*What to produce*
Leaving out all pictures, return the records word for word.
═══ Supplied entries ═══
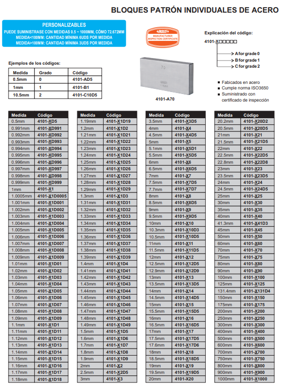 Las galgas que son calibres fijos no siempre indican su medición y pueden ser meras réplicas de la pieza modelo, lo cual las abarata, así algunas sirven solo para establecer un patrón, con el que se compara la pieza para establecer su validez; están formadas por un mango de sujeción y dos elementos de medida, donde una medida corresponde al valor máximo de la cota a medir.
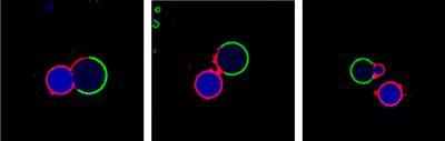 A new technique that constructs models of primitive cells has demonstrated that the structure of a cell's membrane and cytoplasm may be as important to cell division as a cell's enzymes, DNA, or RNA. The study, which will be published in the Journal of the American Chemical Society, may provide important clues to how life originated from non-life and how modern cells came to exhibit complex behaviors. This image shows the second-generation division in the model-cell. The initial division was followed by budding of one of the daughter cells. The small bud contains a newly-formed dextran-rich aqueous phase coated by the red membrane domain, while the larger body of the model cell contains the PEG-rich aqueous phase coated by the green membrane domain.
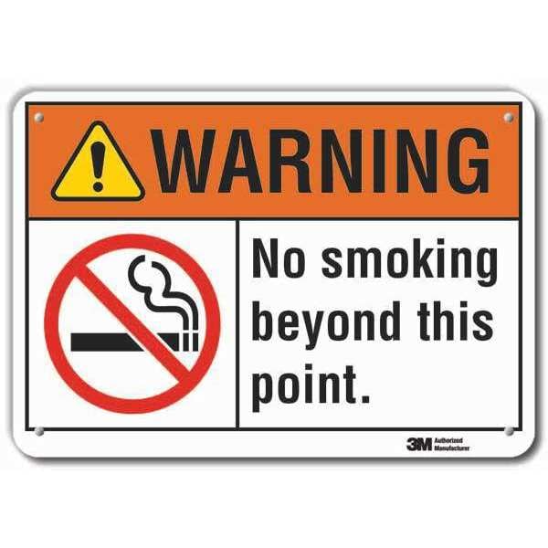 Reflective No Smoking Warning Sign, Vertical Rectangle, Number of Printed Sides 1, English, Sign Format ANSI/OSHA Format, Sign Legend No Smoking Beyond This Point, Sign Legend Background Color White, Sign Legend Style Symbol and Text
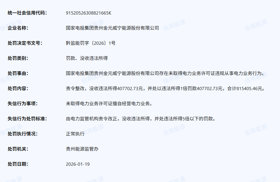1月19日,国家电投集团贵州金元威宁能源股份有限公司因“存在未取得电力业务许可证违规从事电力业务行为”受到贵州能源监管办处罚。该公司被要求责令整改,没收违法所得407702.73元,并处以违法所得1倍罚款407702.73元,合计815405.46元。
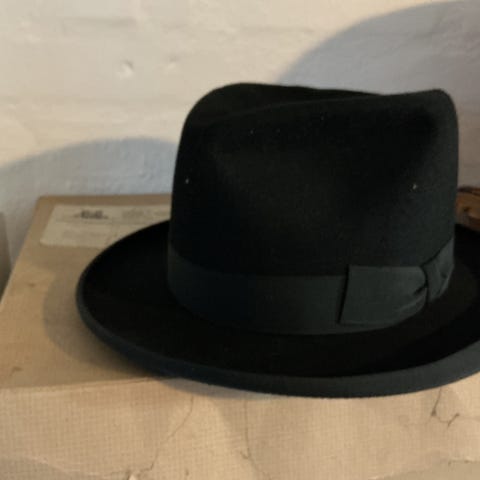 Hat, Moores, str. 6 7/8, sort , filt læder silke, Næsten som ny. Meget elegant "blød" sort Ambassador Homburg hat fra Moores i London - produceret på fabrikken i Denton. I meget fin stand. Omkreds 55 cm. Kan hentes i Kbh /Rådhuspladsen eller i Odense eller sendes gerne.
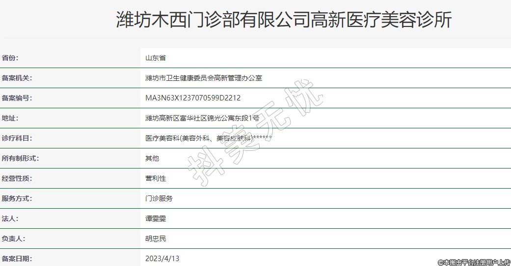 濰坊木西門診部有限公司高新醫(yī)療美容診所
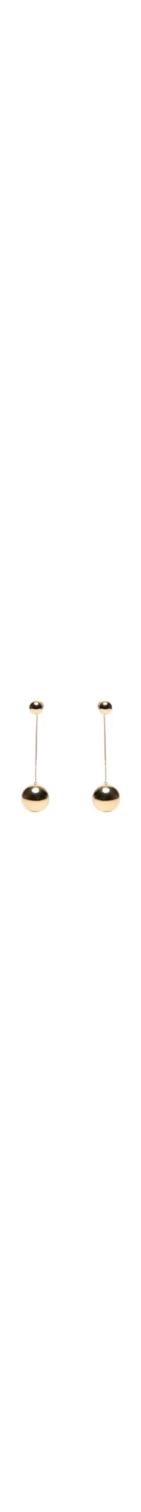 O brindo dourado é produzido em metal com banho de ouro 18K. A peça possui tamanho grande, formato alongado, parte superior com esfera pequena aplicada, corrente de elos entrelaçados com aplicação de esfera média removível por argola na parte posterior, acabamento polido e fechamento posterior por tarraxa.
═══
*Response to the task*
 Las galgas que son calibres fijos no siempre indican su medición y pueden ser meras réplicas de la pieza modelo, lo cual las abarata, así algunas sirven solo para establecer un patrón, con el que se compara la pieza para establecer su validez; están formadas por un mango de sujeción y dos elementos de medida, donde una medida corresponde al valor máximo de la cota a medir.
 A new technique that constructs models of primitive cells has demonstrated that the structure of a cell's membrane and cytoplasm may be as important to cell division as a cell's enzymes, DNA, or RNA. The study, which will be published in the Journal of the American Chemical Society, may provide important clues to how life originated from non-life and how modern cells came to exhibit complex behaviors. This image shows the second-generation division in the model-cell. The initial division was followed by budding of one of the daughter cells. The small bud contains a newly-formed dextran-rich aqueous phase coated by the red membrane domain, while the larger body of the model cell contains the PEG-rich aqueous phase coated by the green membrane domain.
 Reflective No Smoking Warning Sign, Vertical Rectangle, Number of Printed Sides 1, English, Sign Format ANSI/OSHA Format, Sign Legend No Smoking Beyond This Point, Sign Legend Background Color White, Sign Legend Style Symbol and Text
1月19日,国家电投集团贵州金元威宁能源股份有限公司因“存在未取得电力业务许可证违规从事电力业务行为”受到贵州能源监管办处罚。该公司被要求责令整改,没收违法所得407702.73元,并处以违法所得1倍罚款407702.73元,合计815405.46元。
 Hat, Moores, str. 6 7/8, sort , filt læder silke, Næsten som ny. Meget elegant "blød" sort Ambassador Homburg hat fra Moores i London - produceret på fabrikken i Denton. I meget fin stand. Omkreds 55 cm. Kan hentes i Kbh /Rådhuspladsen eller i Odense eller sendes gerne.
 濰坊木西門診部有限公司高新醫(yī)療美容診所
 O brindo dourado é produzido em metal com banho de ouro 18K. A peça possui tamanho grande, formato alongado, parte superior com esfera pequena aplicada, corrente de elos entrelaçados com aplicação de esfera média removível por argola na parte posterior, acabamento polido e fechamento posterior por tarraxa.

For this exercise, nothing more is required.